创作声明:本文为虚构创作,请勿与现实关联
昏暗的仓库里,空气死一般沉寂。
霍秀兰死死拽着卫国梁的衣角,双手控制不住地颤抖,脸色惨白得没有一丝血色。
她身后的陈念微虚弱地靠在轮椅上,目光绝望而空洞。
你到底要怎么样才肯救人?
打你三百多个电话都不接,当年的情分你真就一点都不念吗?
陈庆来扯着嗓子厉声叫嚣,旁边的林志坤却下意识往后退了一步,神色满是犹豫。
围观的人群渐渐安静下来,无数道目光齐刷刷地落在了最前方的那个男人身上。
卫国梁缓缓站直了身体。
他那张布满风霜的脸上没有愤怒,也没有怨恨,只有一片让人捉摸不透的平静。
在全场死寂的注视下,他看着眼前这形形色色的一家人,终于缓缓开了口。
第01章
卫国梁把最后两箱干货搬进仓库最里面的货架,刚拍掉掌心的灰尘,兜里的老式智能手机又开始疯狂震动。
屏幕上跳动的依然是那个没有备注的陌生号码,最后四位数字刺眼得厉害。
这已经是今天下午的第七个电话了。
卫国梁盯着那串数字看了几秒,粗糙的手指在屏幕上轻轻一划,熟练地按下了静音键。
屏幕依然亮着,倔强地闪烁。
卫国梁没去管它,走到门口的红木办公桌前坐下,拉开抽屉,从里面摸出一盒低价香烟,点燃了一根。
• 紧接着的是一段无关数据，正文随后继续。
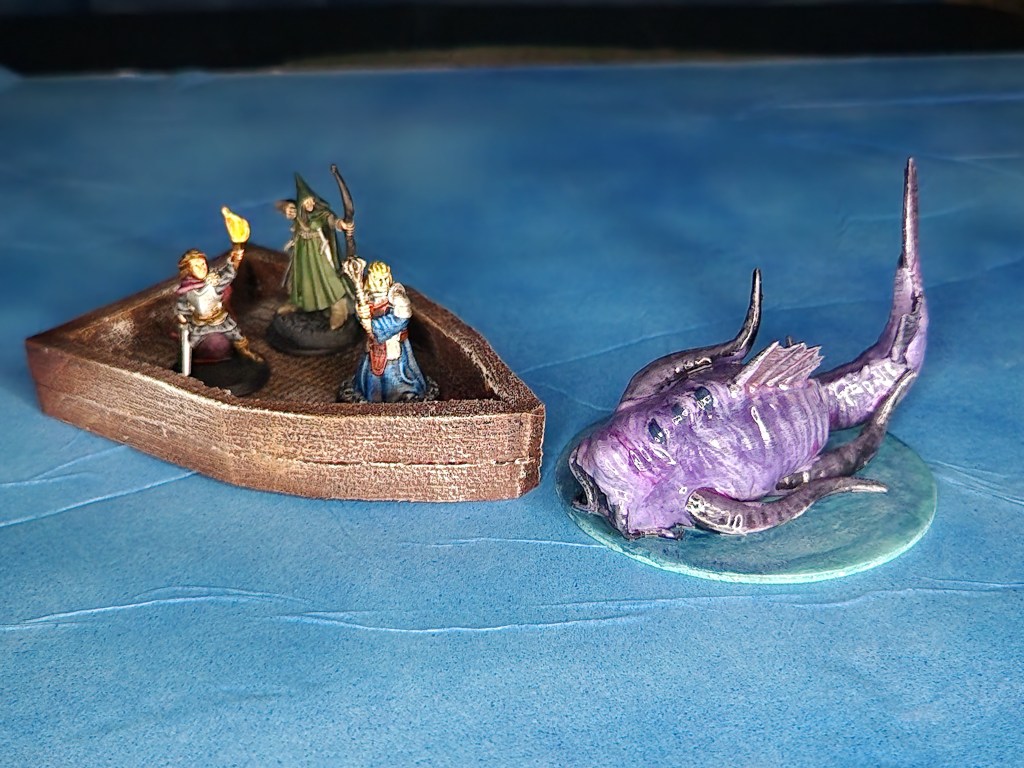 The aboleth (BriteMinis) was painted by the daughter, I just did the base which is just a 3″ wooden circle painted blue with some water effects on top. The heroes were done before and I have been using them in my Random Encounter posts. I placed this encounter on my sky background since I don’t have a water UDT yet… might be a good next project.
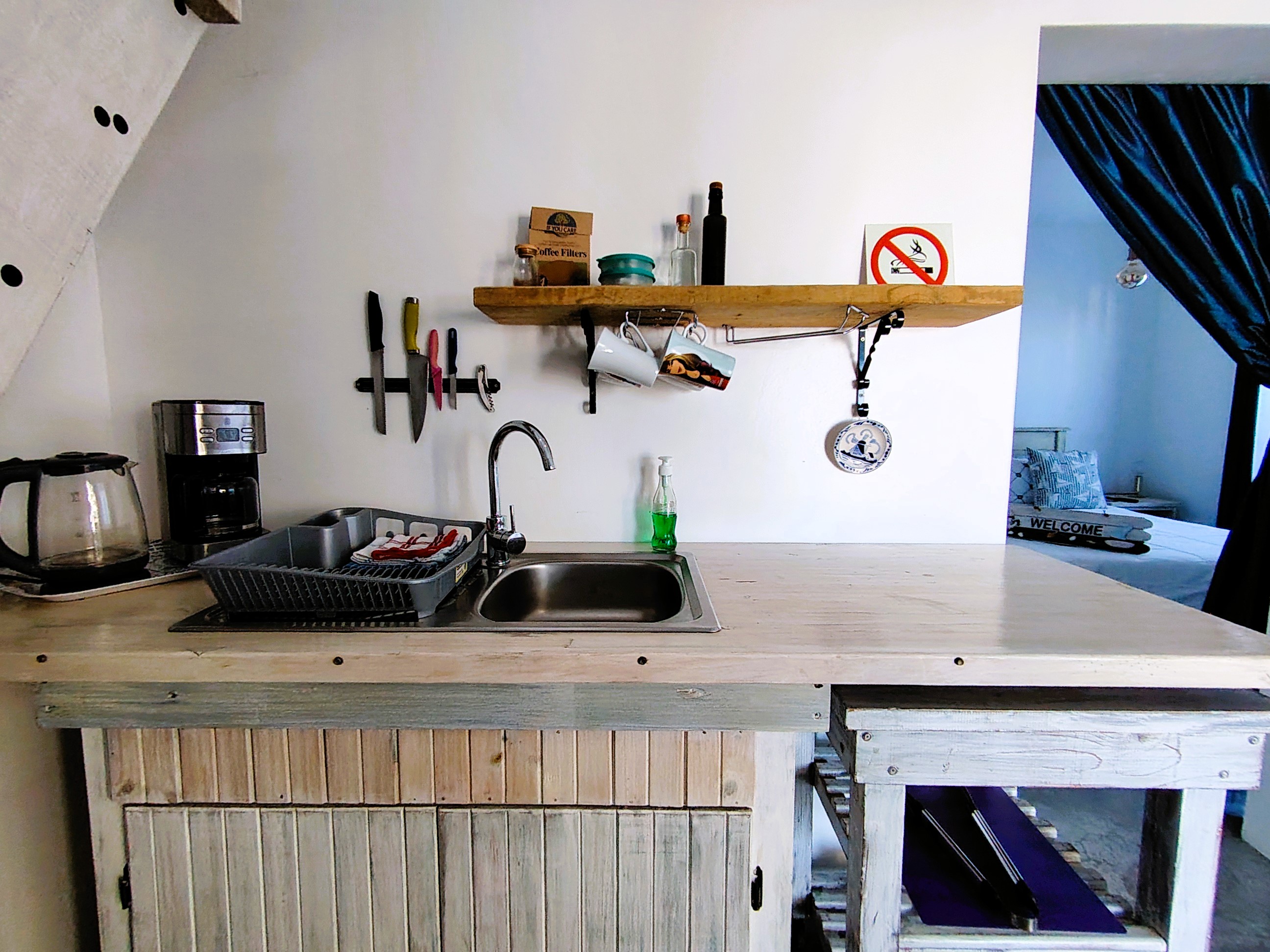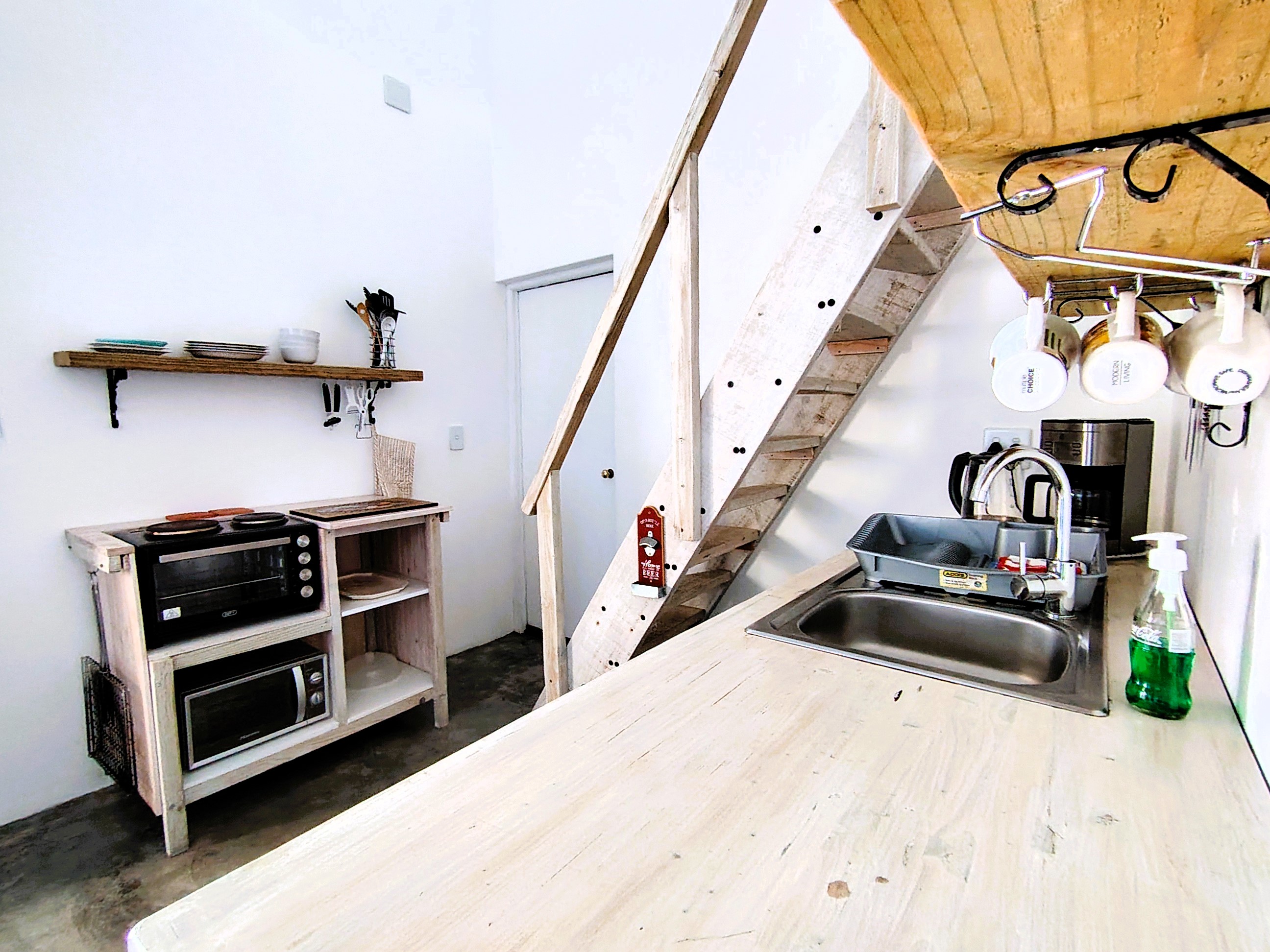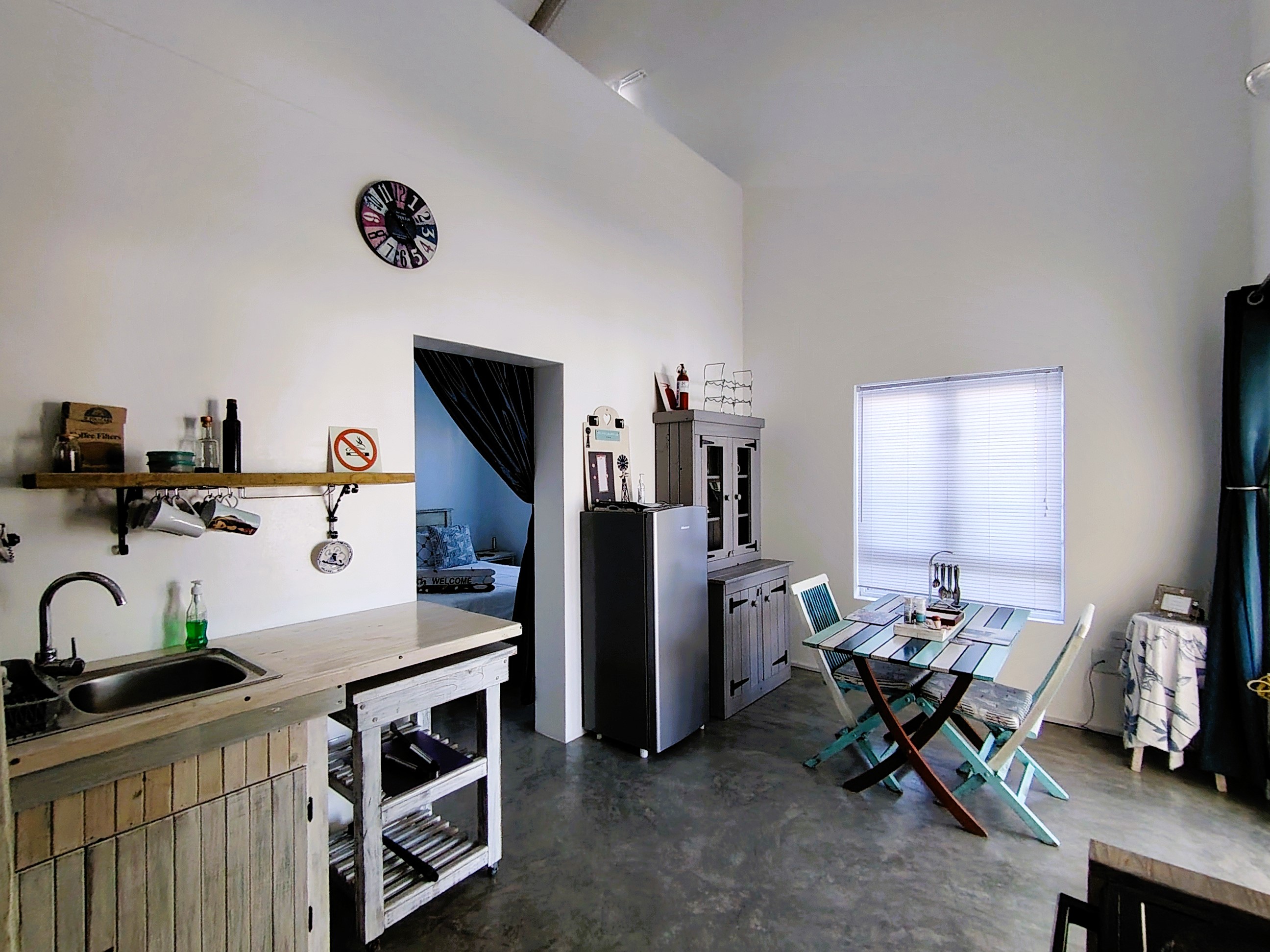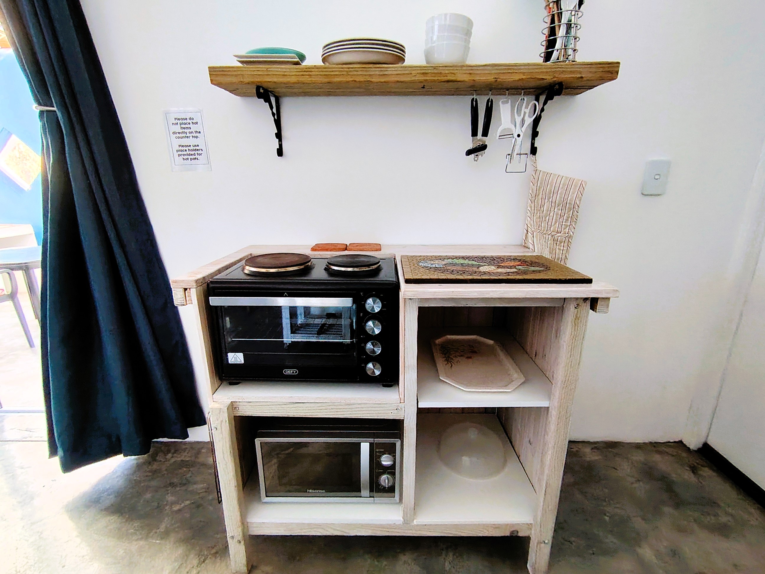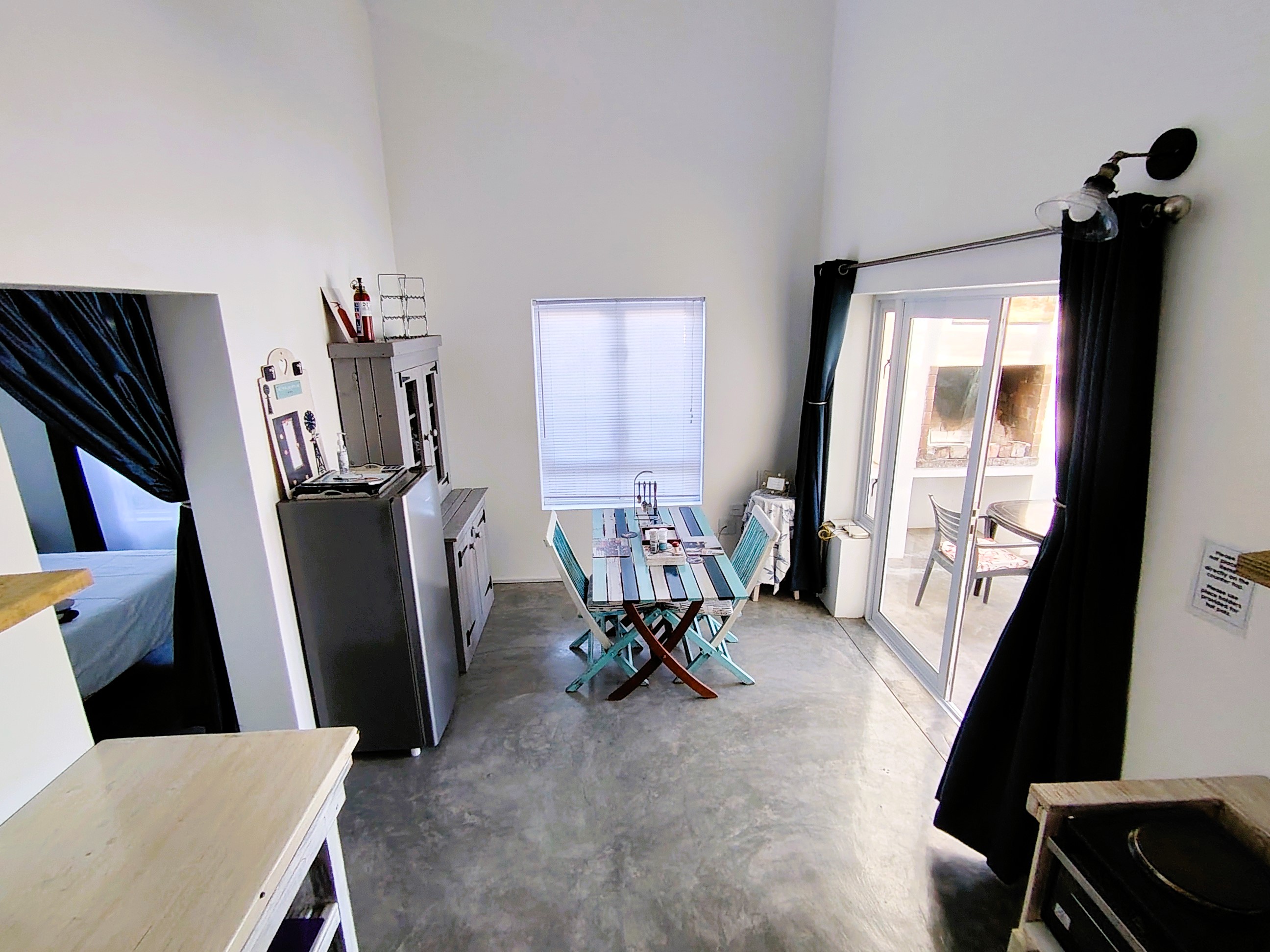 Upon entering through the expansive glass doors, you'll be welcomed by an open-plan kitchen and living area that promotes a warm and inviting atmosphere. The kitchen is fully equipped with essential appliances, including a fridge, a 2-plate stove/oven, a microwave, and a kettle, making meal preparation effortless. The spacious bedroom features a comfortable double bed, while the en-suite bathroom includes a shower, toilet, basin, and built-in cupboard, ensuring both privacy and practicality. Additionally, the flat is fitted with fibre internet, allowing for seamless connectivity and the convenience of working from home. A free-standing fan is also provided to keep you cool during those warm summer days.

烟雾在略显昏暗的仓库里散开,将他那张布满风霜、轮廓坚毅的脸熏得有些模糊。
刺耳的刹车声在门外水泥地上骤然响起。
一辆半旧的电动三轮车停在仓库门口,罗德发掀开挡风棉帘,急匆匆地走了进来。
他一边拍打着身上的寒气,一边直奔卫国梁的办公桌。
老卫,你电话怎么一直打不通?
罗德发拉过一把塑料椅子坐下,脸色憋得通红,额头上隐约有一层急出来的冷汗。
卫国梁弹了弹烟灰,指了指桌上还在无声闪烁的手机:静音了。
怎么,有事?
罗德发一拍大腿,声音压得极低,语气里全是按捺不住的焦急:出大事了!
我刚从县医院那边过来,碰见霍秀兰了。
她带着她妹妹陈巧云,正在到处打听你现在这个仓库的地址呢。
卫国梁夹着烟的手微微顿了一下,眼神里闪过一丝极淡的波澜,可声音依旧平静:她们找我干什么?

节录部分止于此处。